Condensation on the Furnace Plenum
When your air conditioner is operating, the air is cooled in the plenum space above your furnace. That’s where the outdoor unit delivers the cooling to an evaporator coil through which passes the air from your house. Considering this, it is normal for the furnace plenum (the metal part above your furnace) to be cool to the touch.
Sometimes, if there is enough moisture in the basement air, there can be condensation on the outside of the furnace, and if there is enough accumulation, it will run down the sides of your furnace and onto the floor.
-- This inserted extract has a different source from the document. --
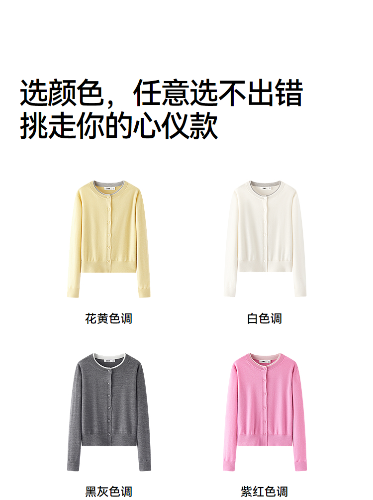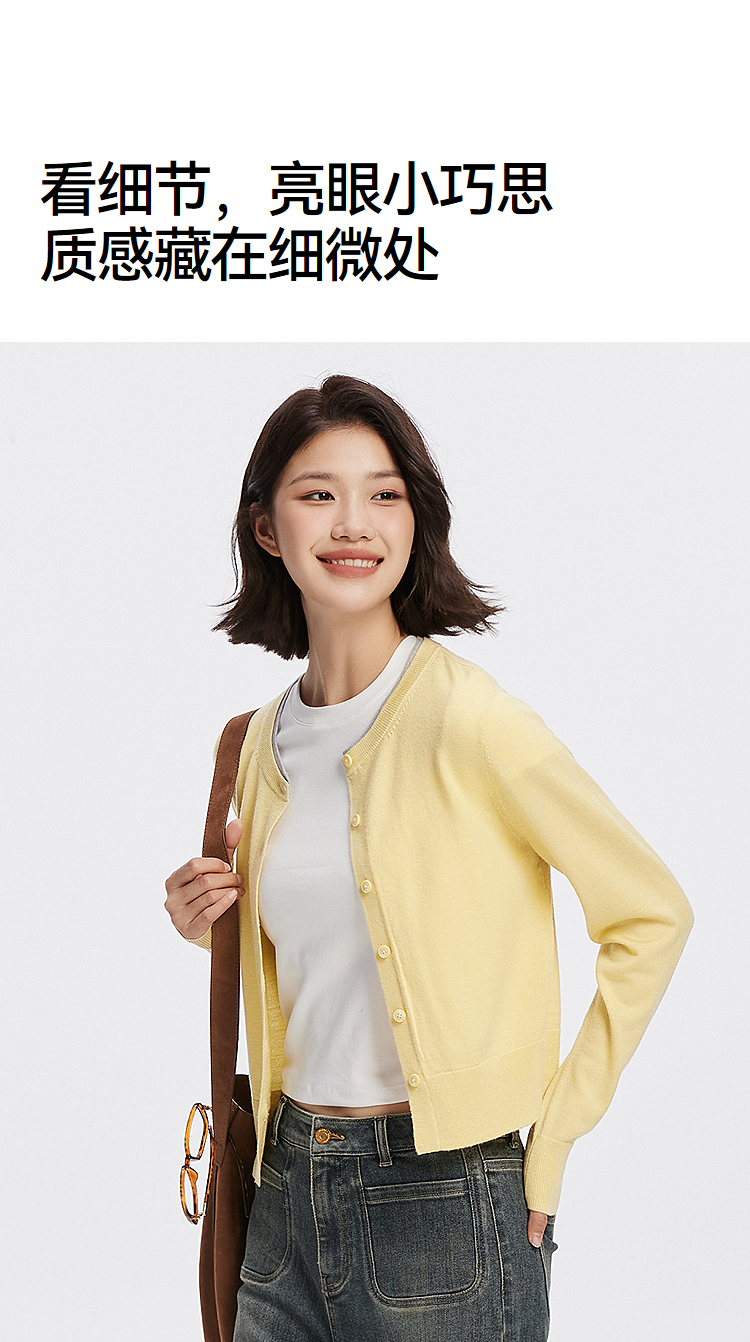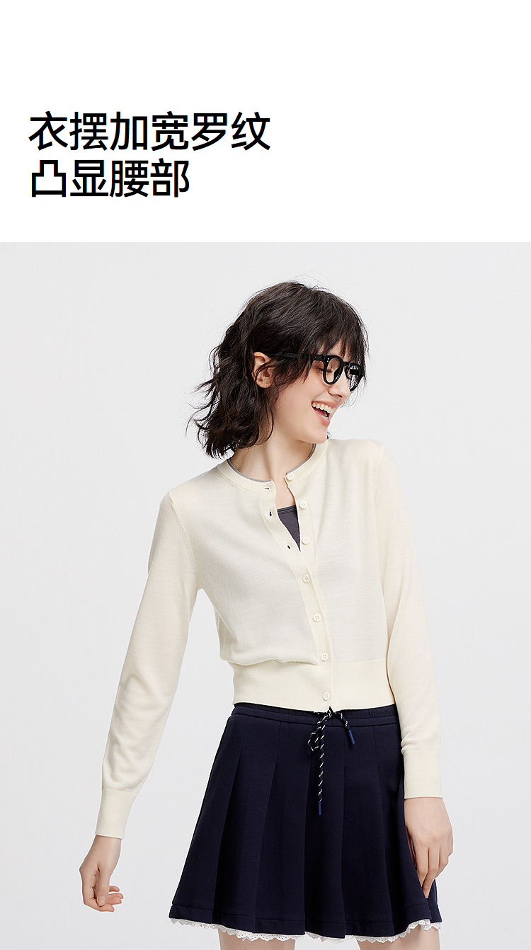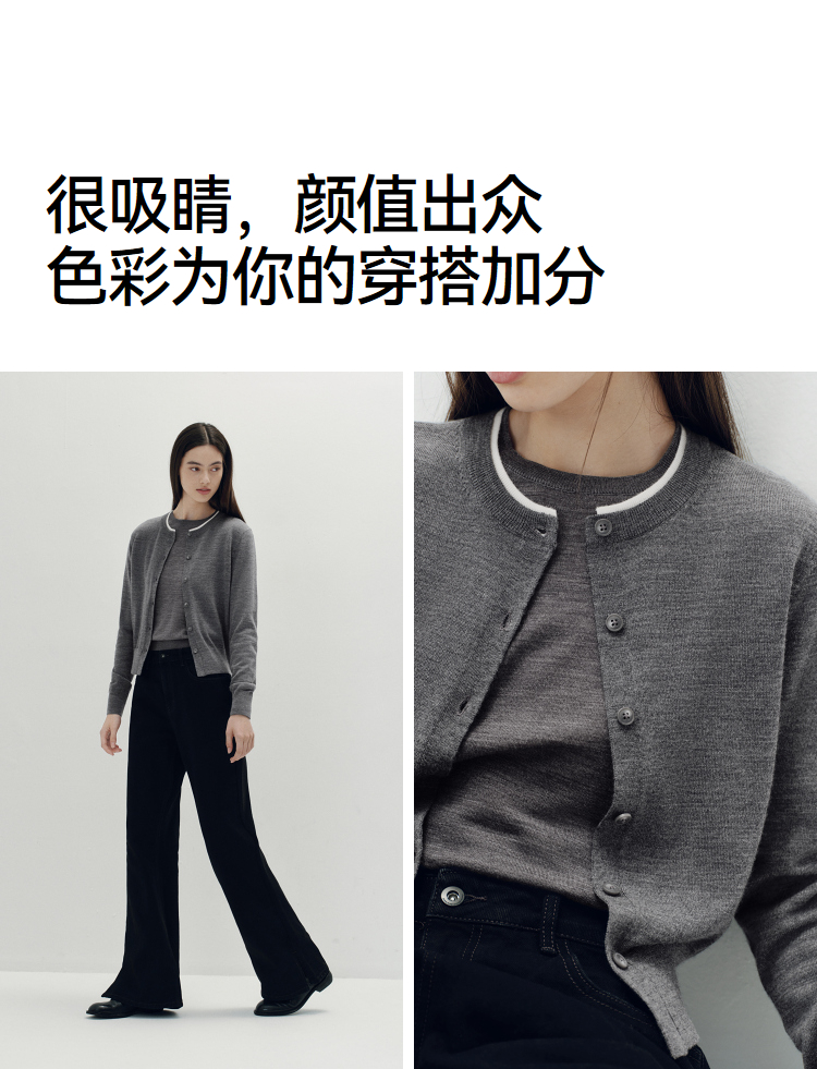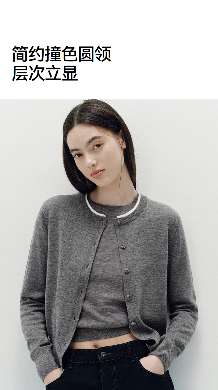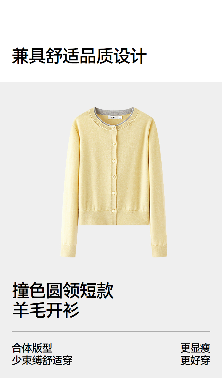 [商场同款]森马针织开衫女短款撞色圆领显瘦2025秋季新款羊毛上衣

This problem is not due to the air conditioner leaking water; the water is coming from the air in the basement, not from within the furnace.
This same condensation can occur on the copper pipes, which lead from the furnace to the outdoor air conditioner (these are also called tubes, lines, lines, etc. refrigeration nomenclature is not always standard.)
Water on these pipes is also from the air in the basement – there is no water inside of these tubes that can leak out, and a leak in one of these copper lines is a major problem that the homeowner can’t fix. So be careful around these copper pipes.
Condensation on the furnace is brought under control by controlling the humidity in the basement. If your basement area is not air-conditioned, you may consider running a dehumidifier in the basement. If the air is dry, the condensation will be minimized.
Does your air conditioning seem to be blowing out the registers with less force than usual? Then the answer of why my Air Conditioner leaking water could be due to an ice block forming in the plenum of your furnace.
Air Conditioner leaking water can come from several diverse causes. Some of these problems can be diagnosed and rectified simply. In other cases, the water is a symptom of a greater problem that has to be solved by a professional technician.
Now you know all the causes that could lead to an AC leaking water. And the best way to prevent it is to get your system regularly maintain.